What is your minimum radius? Lets assume you use O36, grab your 99¢ protractor and draw a 4½" circle. Cut it out. Fold it in half. Fold that half in half again. This is your O36 gauge, scaled to 1½. Now you can gauge whether you will fit or not.

HTH


----------



## The New Guy (Mar 11, 2012)

waltr said:


> O is larger then HO by (87.1/48) = 1.8146
> If your drawing is 1.5in = 1 foot for HO scale then for O scale 1.5in = 1.8146 feet.
> So if the plans are for a 17 feet x 16 feet layout in HO then in
> O scale this will be: 30.85 ft x 29.03 ft.


This really only matters if you are extrapolating precisely as drawn. That'd be one extravagant space!


----------



## Patrick1544 (Apr 27, 2013)

HTH

My available room size is 19 x 15. I'm trying to see if I can get this plan to fit in O scale dimensions. It is not looking like it will. The plan minimum radius is 26". That would be approximately an 054 in O scale?


----------



## The New Guy (Mar 11, 2012)

Patrick1544 said:


> HTH
> 
> My available room size is 19 x 15. I'm trying to see if I can get this plan to fit in O scale dimensions. It is not looking like it will. The plan minimum radius is 26". That would be approximately an 054 in O scale?

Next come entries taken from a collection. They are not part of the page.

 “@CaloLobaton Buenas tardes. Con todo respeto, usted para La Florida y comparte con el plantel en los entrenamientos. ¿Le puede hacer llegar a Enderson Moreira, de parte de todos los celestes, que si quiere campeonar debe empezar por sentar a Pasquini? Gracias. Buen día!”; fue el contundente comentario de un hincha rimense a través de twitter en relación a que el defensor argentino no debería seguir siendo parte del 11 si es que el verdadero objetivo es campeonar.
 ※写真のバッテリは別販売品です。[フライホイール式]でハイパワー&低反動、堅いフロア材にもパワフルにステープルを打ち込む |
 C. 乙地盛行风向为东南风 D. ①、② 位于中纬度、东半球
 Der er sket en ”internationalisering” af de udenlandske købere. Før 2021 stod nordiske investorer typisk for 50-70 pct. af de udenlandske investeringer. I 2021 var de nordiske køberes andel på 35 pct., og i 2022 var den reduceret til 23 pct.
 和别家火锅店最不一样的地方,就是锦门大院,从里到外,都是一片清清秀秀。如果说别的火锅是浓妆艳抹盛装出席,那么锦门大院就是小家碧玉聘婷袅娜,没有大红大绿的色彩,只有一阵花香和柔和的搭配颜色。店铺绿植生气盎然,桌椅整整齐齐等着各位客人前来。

What you want is an approximation of the layout. Every layout is an approximation because we don't have the physical space to lay the literal miles between stations.

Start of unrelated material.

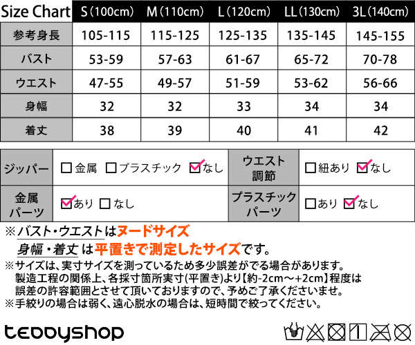●バスト・ウエストはヌードサイズ、身幅・着丈は平置きで測定したサイズです。
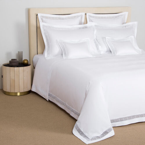Offering an elegant statement in minimal, romantic design, the Forever Lace duvet cover features warm and silky cotton sateen with inserted shagreen macramé lace along the borders. The subtle and delicate embroidered lace adds a luxurious touch to your bedroom.

I wouldn't worry then about extrapolating what the plan is actually calling out in HO. Take the parts that you like and marry those to your room and radius limitations. 

As an example I started with the famous and infamous Timboy's layout (now former layout) and shrunk it down to fit my room. Because of that reduction it was difficult to have the dramatic elevations without the trains looking ridiculous, so there is a scant 5" change in levels, and some re-working to accommodate some hidden trackage.

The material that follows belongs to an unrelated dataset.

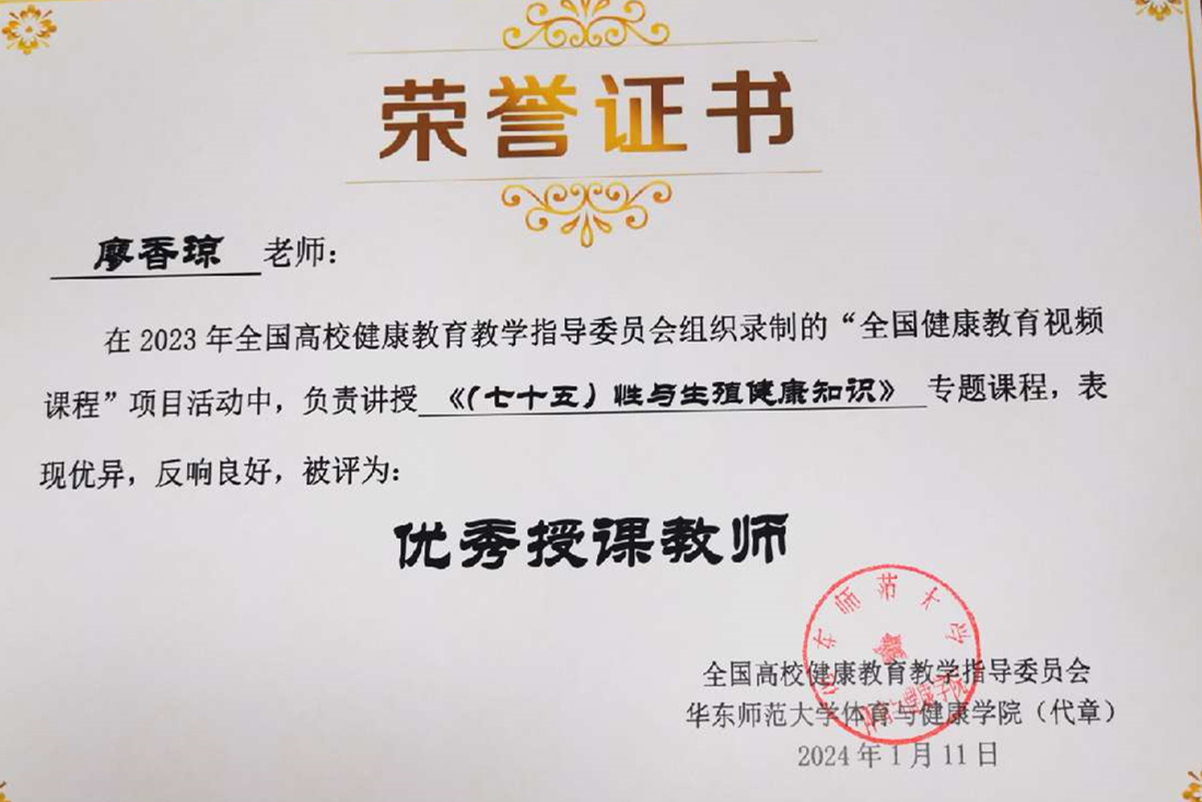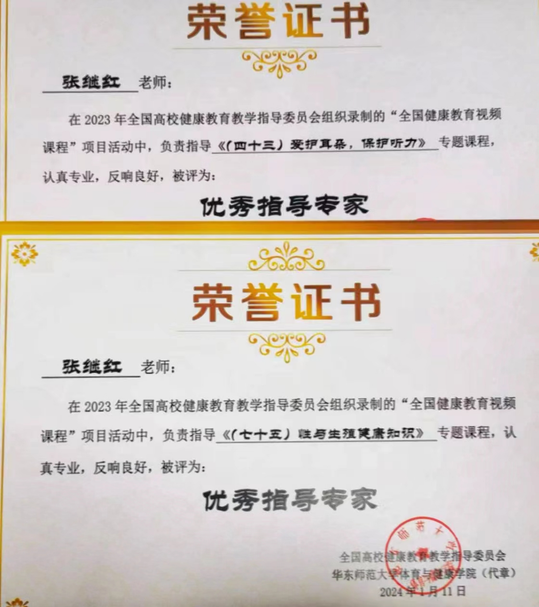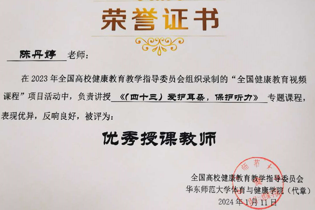 1月10日-12日,全国高校健康教育教学研讨会在沪召开,会议正式发布了全国学校健康教育视频系列课程,其中“性与生殖健康知识”“爱护耳朵、保护听力”两门课程由我校校医院参与录制。全国高校健康教育教学指导委员会项目组为校医院院长张继红颁发了“优秀指导专家”证书,为医生廖香琼、陈丹婷颁发了“优秀授课教师”证书。

In the end it'll be Timboy inspired but wholly mine.

I *H*ope *T*hat *H*elps.


----------



## Patrick1544 (Apr 27, 2013)

Thanks 'New. Guy ' and 'Waltr'. Good advice. I'll try to pick the ' best' parts I like and meld them one to another and come up with a unique plan. Waltr thanks for the basic calculations. Clears up some questions.


----------



## golfermd (Apr 19, 2013)

I agree with New Guy. One other thought is that it is your layout, so you can make it represent whatever you want it to be, real or not. Many modelers have layouts that are totally fictitious, including locomotive and rolling stock liveries. If anyone is critical of your layout, then don't invite them back. Yeah, there are rivet counters out there. They are welcome to their opinions, but not yours.


----------